→ Your objective:
Go through the listing below and write out exactly the lines from the one that mentions "L’application mobile PackSizer" through the one that mentions "在 59.85 之下,看跌,目标价位为 58.20 ,然后为 57.60 。", minus the pictures.

→ Listed records:
== Segment start ==
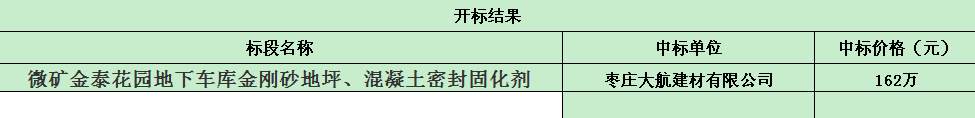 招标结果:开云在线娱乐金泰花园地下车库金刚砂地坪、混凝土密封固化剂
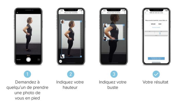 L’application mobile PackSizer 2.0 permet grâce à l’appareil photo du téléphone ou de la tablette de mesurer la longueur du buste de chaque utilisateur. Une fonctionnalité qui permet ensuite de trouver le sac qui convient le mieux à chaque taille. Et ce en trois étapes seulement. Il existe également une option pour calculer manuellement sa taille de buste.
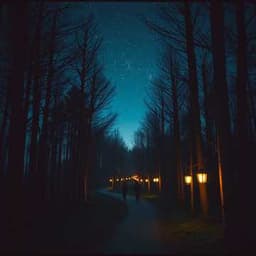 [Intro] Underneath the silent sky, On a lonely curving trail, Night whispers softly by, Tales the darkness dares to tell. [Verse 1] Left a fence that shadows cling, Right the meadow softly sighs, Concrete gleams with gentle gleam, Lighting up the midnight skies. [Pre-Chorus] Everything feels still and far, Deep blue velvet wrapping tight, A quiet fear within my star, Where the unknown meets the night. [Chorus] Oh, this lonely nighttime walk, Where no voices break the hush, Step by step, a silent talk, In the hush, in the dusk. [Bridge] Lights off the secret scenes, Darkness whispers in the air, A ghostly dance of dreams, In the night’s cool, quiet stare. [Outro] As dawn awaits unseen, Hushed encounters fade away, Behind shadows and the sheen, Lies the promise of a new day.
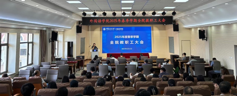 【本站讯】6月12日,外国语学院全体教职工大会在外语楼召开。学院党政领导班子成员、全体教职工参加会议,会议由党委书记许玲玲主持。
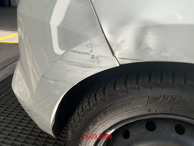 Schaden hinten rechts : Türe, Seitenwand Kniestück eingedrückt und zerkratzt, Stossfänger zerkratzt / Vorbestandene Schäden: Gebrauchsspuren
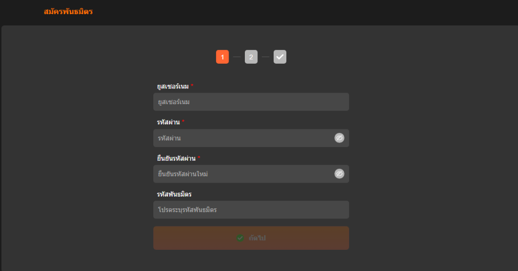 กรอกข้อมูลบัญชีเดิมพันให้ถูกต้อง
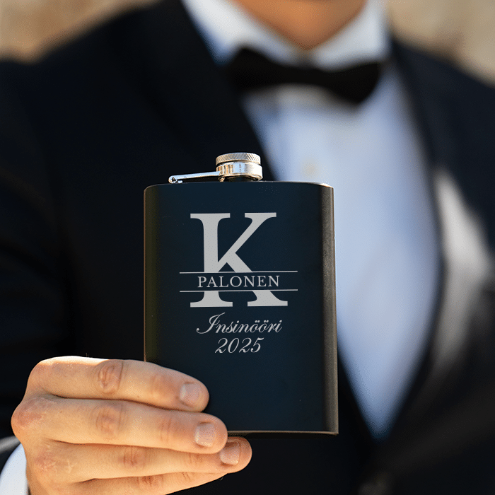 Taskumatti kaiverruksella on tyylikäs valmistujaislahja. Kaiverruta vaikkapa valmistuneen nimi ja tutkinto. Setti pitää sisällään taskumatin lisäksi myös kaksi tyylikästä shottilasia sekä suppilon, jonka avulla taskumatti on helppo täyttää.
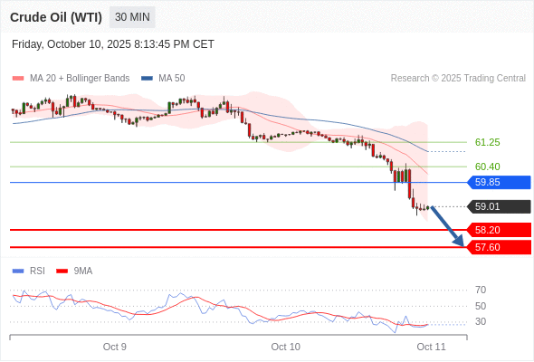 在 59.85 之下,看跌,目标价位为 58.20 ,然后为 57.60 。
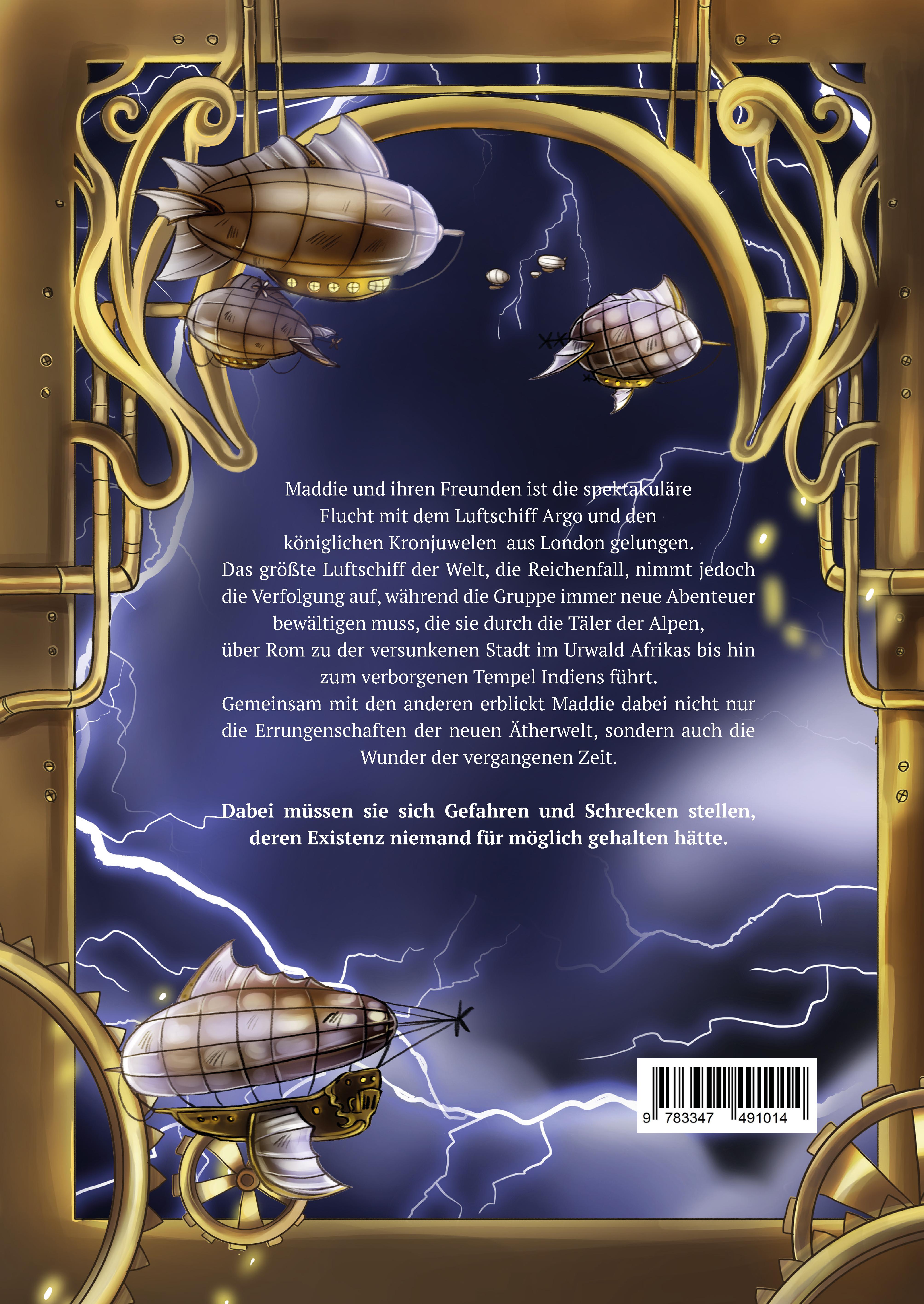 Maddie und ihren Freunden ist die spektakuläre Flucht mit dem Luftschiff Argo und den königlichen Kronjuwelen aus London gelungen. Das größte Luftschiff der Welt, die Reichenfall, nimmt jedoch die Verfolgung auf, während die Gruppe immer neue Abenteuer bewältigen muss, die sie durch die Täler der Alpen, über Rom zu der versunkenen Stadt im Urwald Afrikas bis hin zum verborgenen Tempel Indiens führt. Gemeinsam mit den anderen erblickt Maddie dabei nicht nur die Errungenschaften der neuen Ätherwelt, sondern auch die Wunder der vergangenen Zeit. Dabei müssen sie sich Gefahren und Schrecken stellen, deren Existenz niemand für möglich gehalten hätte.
== Segment end ==
== Segment start ==
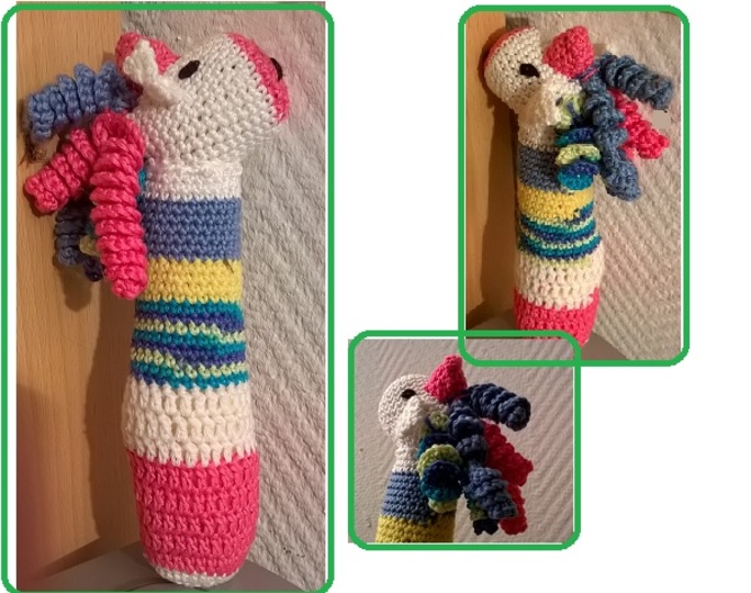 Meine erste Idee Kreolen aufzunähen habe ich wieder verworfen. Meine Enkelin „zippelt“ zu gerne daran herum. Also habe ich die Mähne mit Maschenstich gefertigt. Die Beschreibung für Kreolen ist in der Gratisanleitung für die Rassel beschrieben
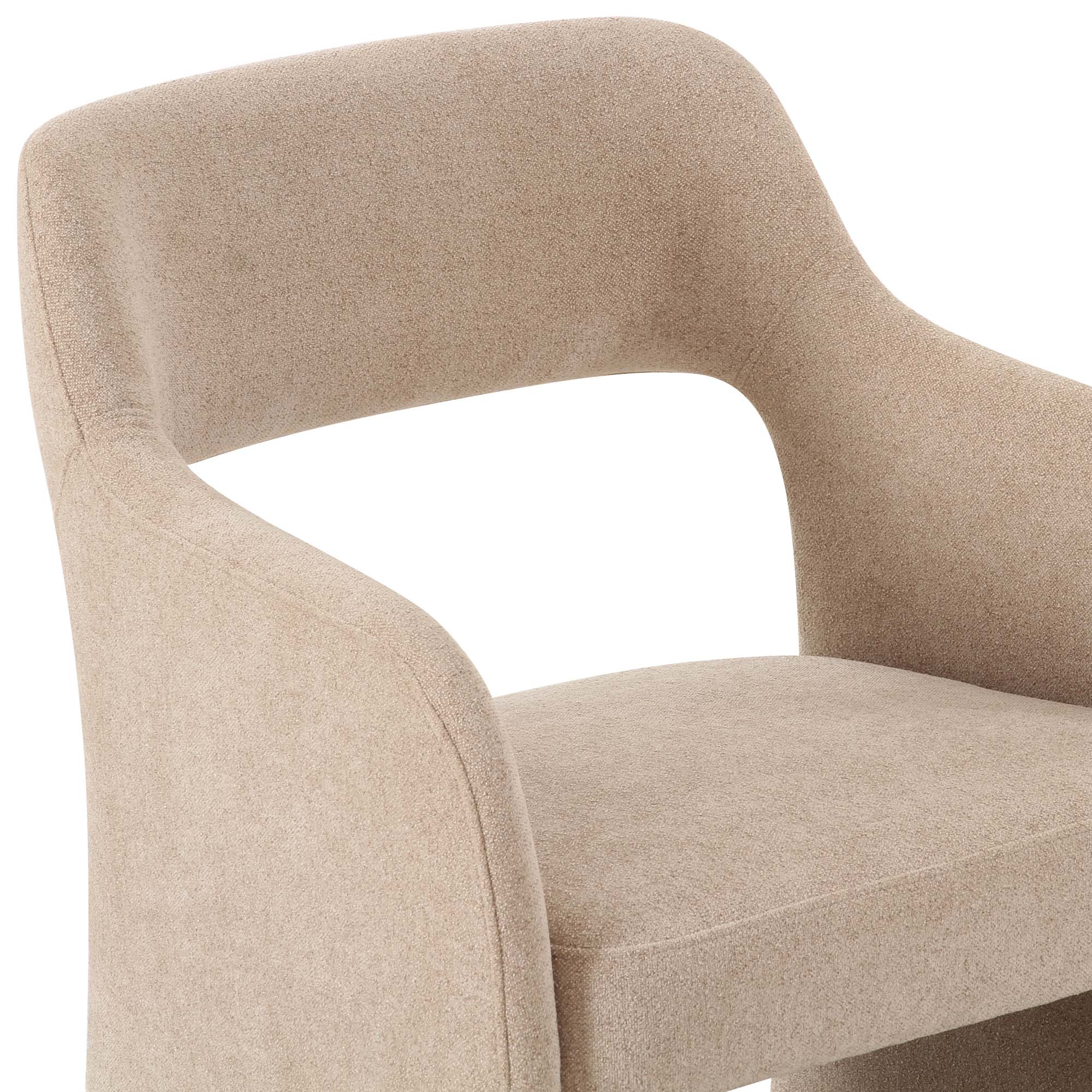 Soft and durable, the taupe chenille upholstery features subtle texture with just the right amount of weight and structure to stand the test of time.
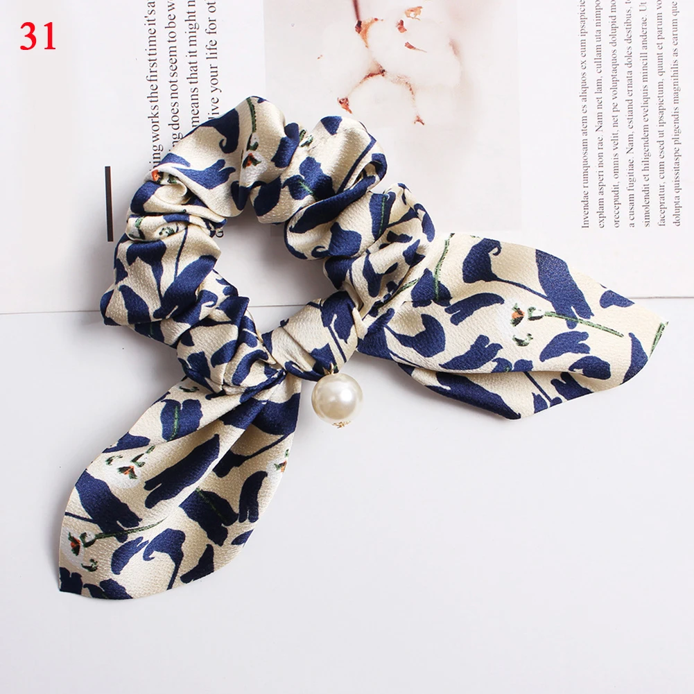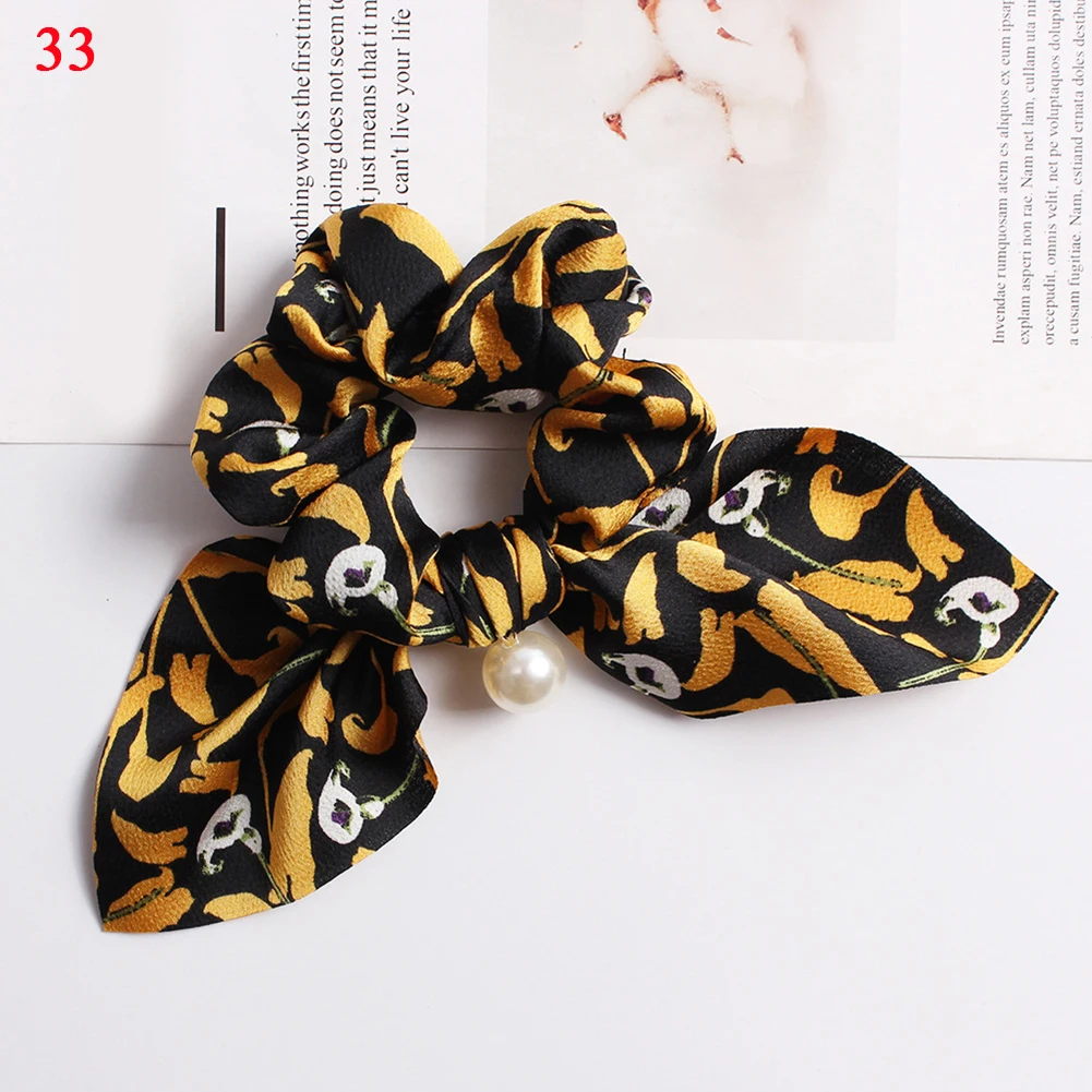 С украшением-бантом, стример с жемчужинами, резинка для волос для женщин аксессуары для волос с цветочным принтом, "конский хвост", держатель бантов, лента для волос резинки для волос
== Segment end ==
→ Answer to the problem:
 L’application mobile PackSizer 2.0 permet grâce à l’appareil photo du téléphone ou de la tablette de mesurer la longueur du buste de chaque utilisateur. Une fonctionnalité qui permet ensuite de trouver le sac qui convient le mieux à chaque taille. Et ce en trois étapes seulement. Il existe également une option pour calculer manuellement sa taille de buste.
 [Intro] Underneath the silent sky, On a lonely curving trail, Night whispers softly by, Tales the darkness dares to tell. [Verse 1] Left a fence that shadows cling, Right the meadow softly sighs, Concrete gleams with gentle gleam, Lighting up the midnight skies. [Pre-Chorus] Everything feels still and far, Deep blue velvet wrapping tight, A quiet fear within my star, Where the unknown meets the night. [Chorus] Oh, this lonely nighttime walk, Where no voices break the hush, Step by step, a silent talk, In the hush, in the dusk. [Bridge] Lights off the secret scenes, Darkness whispers in the air, A ghostly dance of dreams, In the night’s cool, quiet stare. [Outro] As dawn awaits unseen, Hushed encounters fade away, Behind shadows and the sheen, Lies the promise of a new day.
 【本站讯】6月12日,外国语学院全体教职工大会在外语楼召开。学院党政领导班子成员、全体教职工参加会议,会议由党委书记许玲玲主持。
 Schaden hinten rechts : Türe, Seitenwand Kniestück eingedrückt und zerkratzt, Stossfänger zerkratzt / Vorbestandene Schäden: Gebrauchsspuren
 กรอกข้อมูลบัญชีเดิมพันให้ถูกต้อง
 Taskumatti kaiverruksella on tyylikäs valmistujaislahja. Kaiverruta vaikkapa valmistuneen nimi ja tutkinto. Setti pitää sisällään taskumatin lisäksi myös kaksi tyylikästä shottilasia sekä suppilon, jonka avulla taskumatti on helppo täyttää.
 在 59.85 之下,看跌,目标价位为 58.20 ,然后为 57.60 。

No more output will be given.